● **Activity**
Down to the last line, retype the records below exactly and skip the pictures.
[[ Supplied data, beginning ]]
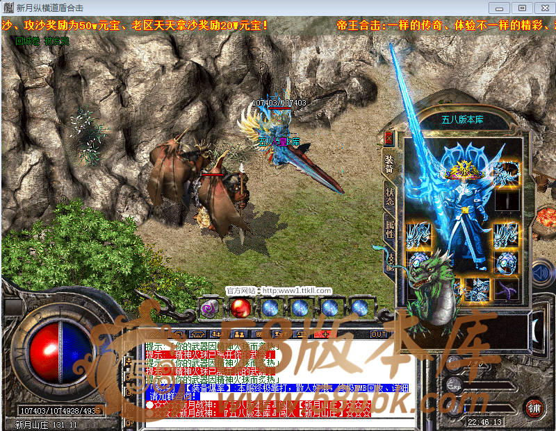 2017独家制作新月天裂合击,让你梦回08年!让我们追忆逝去的青春!。【攻沙介绍】:本服新区开放第三天攻沙、攻沙奖励为500w元宝、老区天天拿沙奖励200W元宝! 【关于装备】:战神-精灵-无敌-龙吟-逍遥-君临天下-天裂-追忆天裂-新月终极【装备爆率】:本服终极靠打,散人好混,终极米回收、详细请加群咨询! 【关于地图】:本服部分地图侧重于组队技巧性挑战.本服设有手动升级地图散人无限升级【关于补丁】:由于本服高级地图采用高清画质的真彩地图,装备华丽而不浮夸,故补丁较大【关于金刚石】:金刚石可以充值获得、或者打BOSS获得、BOSS可获得5-100颗金刚石! 【新手防骗】:游戏内出现的QQ全是骗子自己的QQ,切勿相信,否则受骗后果自负。 【充值警告】:官网是唯一的充值渠道,切勿受骗
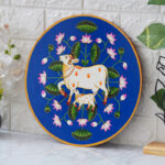 Awash in rich colors, this pichwai painting showcases a mother cow and her calf, surrounded by an abundance of blossoming flowers. This hand-painted artwork is a beautiful representation of nurturing love and the interconnectedness of life and nature.
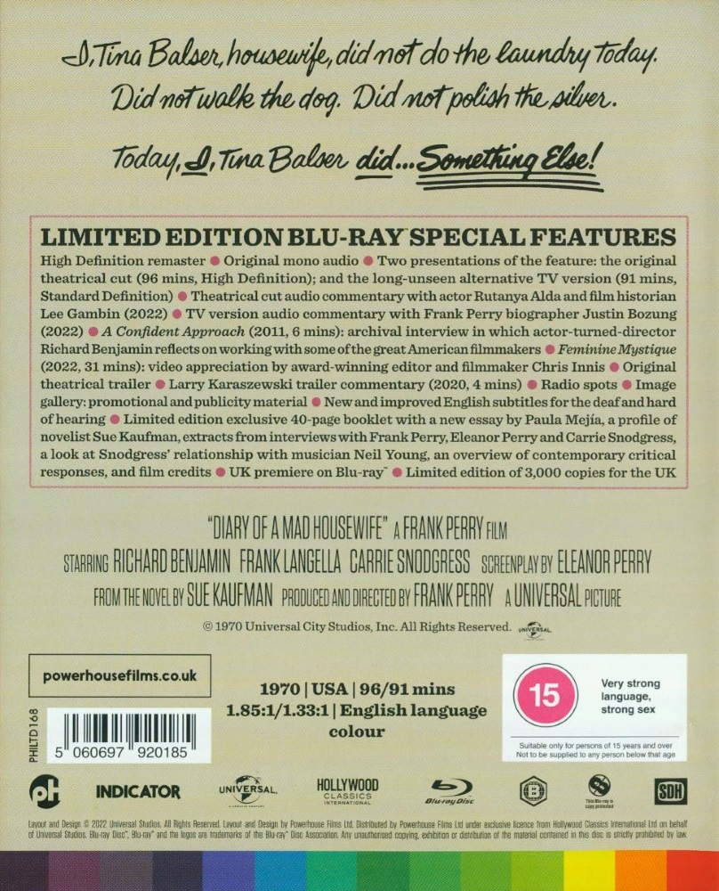 Superbly directed by Frank Perry (The Swimmer, Play It as It Lays), with a scathing screenplay by Eleanor Perry (David and Lisa, Ladybug Ladybug), Diary of a Mad Housewife tells the story of Tina Balser (Carrie Snodgress, The Fury, Pale Rider) a frustrated housewife trapped in an unhappy marriage to an insufferably controlling, status-obsessed bore (Richard Benjamin, Catch-22). Tina seeks solace in a fling with an abusive lover, the arrogant writer Georg Prager (Frank Langella, Dracula), who treats her like a sex object, leading to therapy and further unhappiness.
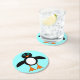 This awesome paper coaster features a cute penguin character with a white tummy, big blue eyes with black pupils and cute orange feet and beak. This charming little winter bird is sure to delight children and adults. The penguin sits on an icy pale blue background to remind him of his chilly Arctic home.
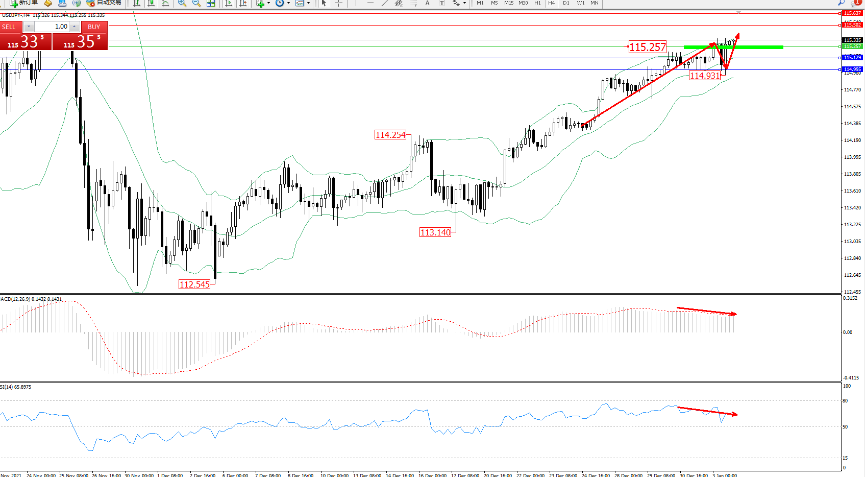 交易策略:115.257上方看涨,目标115.802、115.637
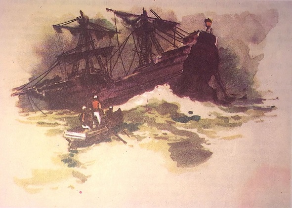 Я крепко обнял своего старого слугу, и мы поклялись держаться друг за друга до последней минуты. Наконец забрезжил рассвет; с первым проблеском зари ветер подхватил нашу лодку и опрокинул ее. Так я больше и не видал никого из экипажа корабля. От падения я лишился чувств; я пришел в себя в объятиях моего верного старого слуги, который спасся на опрокинутой лодке и втащил меня за собой. Буря утихла. Нашего корабля не было и в помине, но мы увидели неподалеку другой корабль, к которому нас несло волнами. Когда мы подплыли ближе, я узнал в нем тот самый корабль, который ночью промчался мимо нас и привел в такой ужас капитана. При виде этого корабля меня охватил неизъяснимый трепет: предсказание капитана, столь ужасно оправдавшееся, бездюдие на корабле, откуда при нашем приближении, несмотря на все оклики, никто не отзывался, внушали мне страх.
[[ Supplied data, end ]]
● **Problem solution**
 2017独家制作新月天裂合击,让你梦回08年!让我们追忆逝去的青春!。【攻沙介绍】:本服新区开放第三天攻沙、攻沙奖励为500w元宝、老区天天拿沙奖励200W元宝! 【关于装备】:战神-精灵-无敌-龙吟-逍遥-君临天下-天裂-追忆天裂-新月终极【装备爆率】:本服终极靠打,散人好混,终极米回收、详细请加群咨询! 【关于地图】:本服部分地图侧重于组队技巧性挑战.本服设有手动升级地图散人无限升级【关于补丁】:由于本服高级地图采用高清画质的真彩地图,装备华丽而不浮夸,故补丁较大【关于金刚石】:金刚石可以充值获得、或者打BOSS获得、BOSS可获得5-100颗金刚石! 【新手防骗】:游戏内出现的QQ全是骗子自己的QQ,切勿相信,否则受骗后果自负。 【充值警告】:官网是唯一的充值渠道,切勿受骗
 Awash in rich colors, this pichwai painting showcases a mother cow and her calf, surrounded by an abundance of blossoming flowers. This hand-painted artwork is a beautiful representation of nurturing love and the interconnectedness of life and nature.
 Superbly directed by Frank Perry (The Swimmer, Play It as It Lays), with a scathing screenplay by Eleanor Perry (David and Lisa, Ladybug Ladybug), Diary of a Mad Housewife tells the story of Tina Balser (Carrie Snodgress, The Fury, Pale Rider) a frustrated housewife trapped in an unhappy marriage to an insufferably controlling, status-obsessed bore (Richard Benjamin, Catch-22). Tina seeks solace in a fling with an abusive lover, the arrogant writer Georg Prager (Frank Langella, Dracula), who treats her like a sex object, leading to therapy and further unhappiness.
 This awesome paper coaster features a cute penguin character with a white tummy, big blue eyes with black pupils and cute orange feet and beak. This charming little winter bird is sure to delight children and adults. The penguin sits on an icy pale blue background to remind him of his chilly Arctic home.
 交易策略:115.257上方看涨,目标115.802、115.637
 Я крепко обнял своего старого слугу, и мы поклялись держаться друг за друга до последней минуты. Наконец забрезжил рассвет; с первым проблеском зари ветер подхватил нашу лодку и опрокинул ее. Так я больше и не видал никого из экипажа корабля. От падения я лишился чувств; я пришел в себя в объятиях моего верного старого слуги, который спасся на опрокинутой лодке и втащил меня за собой. Буря утихла. Нашего корабля не было и в помине, но мы увидели неподалеку другой корабль, к которому нас несло волнами. Когда мы подплыли ближе, я узнал в нем тот самый корабль, который ночью промчался мимо нас и привел в такой ужас капитана. При виде этого корабля меня охватил неизъяснимый трепет: предсказание капитана, столь ужасно оправдавшееся, бездюдие на корабле, откуда при нашем приближении, несмотря на все оклики, никто не отзывался, внушали мне страх.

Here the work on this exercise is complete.